Pada kesempatan tersebut, Pemprov Malut juga menerima bantuan satu unit truk jungkit (dump truck) 10 roda dari PT Tempo Press International Delivery yang nantinya akan dialokasikan untuk menunjang kegiatan pelatihan pengoperasian alat berat bagi tenaga kerja lokal. Langkah ini menjadi bagian dari komitmen penguatan kapasitas sumber daya manusia (SDM) daerah.

Selain itu, dilakukan pula penyerahan jaminan sosial berupa kartu kepesertaan BPJS Ketenagakerjaan kepada sejumlah pekerja, di antaranya Fahrul Siu, Jakson Tuison, Muhammad Febriansyah, Meity Sumbala, dan Gerti Nagaraviar.

Gubernur turut menyerahkan bantuan stimulan Tenaga Kerja Mandiri (TKM) berupa:

  1. Bantuan armada Viar roda 3 untuk TKM Desa Togoliua, Kecamatan Tobelo Barat.
  2. Bantuan armada Viar roda 3 untuk TKM Desa Juanga, Kecamatan Morotai Selatan.
  3. Bantuan paket alat pertukangan kepada TKM Desa Rawajaya, Kecamatan Tobelo.
  4. Bantuan alat usaha katering kepada TKM Desa Gosoma, Kecamatan Tobelo.
  5. Bantuan peralatan pembuat roti dan kue kepada TKM Desa Gura, Kecamatan Tobelo.

Lebih lanjut, Gubernur perempuan pertama di Maluku Utara tersebut menyerahkan bantuan 20 unit mesin kapal kepada sepuluh kelompok usaha nelayan lokal, yakni: Sinar Harapan, Sharoon, Alberki, Salendang Squad, Dermaga Dua, Hiara Basudara, Sinagoge, Lautan Biru, Dermaga Pitu, dan Henengamoi.

Bantuan mesin kapal tersebut disambut gembira oleh para nelayan.

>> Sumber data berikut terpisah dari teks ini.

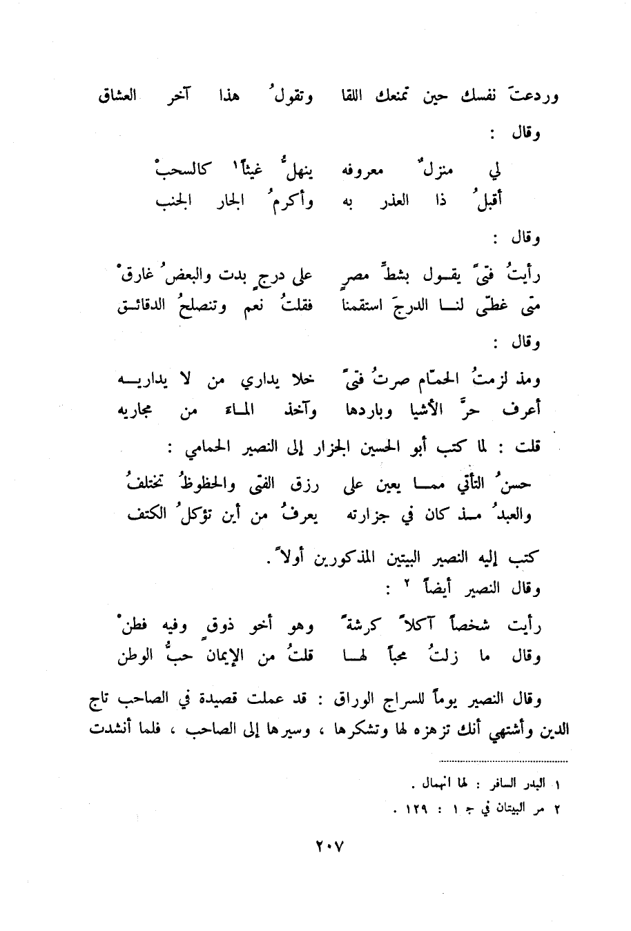 وقال ما زلت محباً لها ... قلت من الإيمان حب الوطن وقال النصير يوماً للسراج الوراق: قد عملت قصيدة في الصاحب تاج الدين وأشتهي أنك تزهزه لها وتشكرها، وسيرها إلى الصاحب، فلما أنشدت

Fein Widadari, salah satu anggota Kelompok Usaha Henengamoi, mengaku bantuan ini sangat menunjang produktivitas tangkapan serta aspek keselamatan mereka saat melaut.

"Senang sekali bisa mendapatkan perhatian langsung dari Ibu Gubernur. Mesin kapal ini bisa kami gunakan bergiliran karena beberapa unit mesin milik anggota kami sudah rusak," kata Fein penuh suka cita.

Rasa syukur juga diungkapkan oleh Maris (47), pelaku usaha mikro penerima bantuan alat pembuat kue asal Desa Gosoma. Sehari-hari, Maris memproduksi kue secara tradisional dan menitipkannya ke warung-warung setempat. "Saat pesanan meningkat, alat-alat modern dari Pemprov ini akan sangat membantu efisiensi kerja saya," tuturnya haru.

Menutup arahannya, Gubernur kembali membakar semangat juang para pencari kerja agar tidak mudah putus asa dalam menghadapi proses seleksi kerja.

"Jangan pernah menyerah. Ada harapan besar di balik setiap lembar curriculum vitae (CV) yang kalian kirimkan. Untuk itu, Pemprov Malut berkomitmen akan terus bergerak menjembatani antara harapan tenaga kerja dengan impian dunia industri," tutup Gubernur dengan khidmat.

Sebagai informasi, gelaran Malut Job Fair 2026 kali ini berhasil menjaring sebanyak 1.727 pelamar kerja, dengan rincian 500 pelamar mendaftar secara luring (offline) dan 1.227 pelamar memanfaatkan sistem daring (online). Di bawah komando Gubernur Sherly Tjoanda, Pemprov Malut berkomitmen terus menekan angka kemiskinan, pengangguran terbuka, dan ketimpangan (Gini Ratio) melalui akselerasi infrastruktur serta perbaikan peringkat kemudahan berusaha atau Ease of Doing Business (EoDB). (Humas/Adpim)

Dokumentasi kegiatan klik di sini.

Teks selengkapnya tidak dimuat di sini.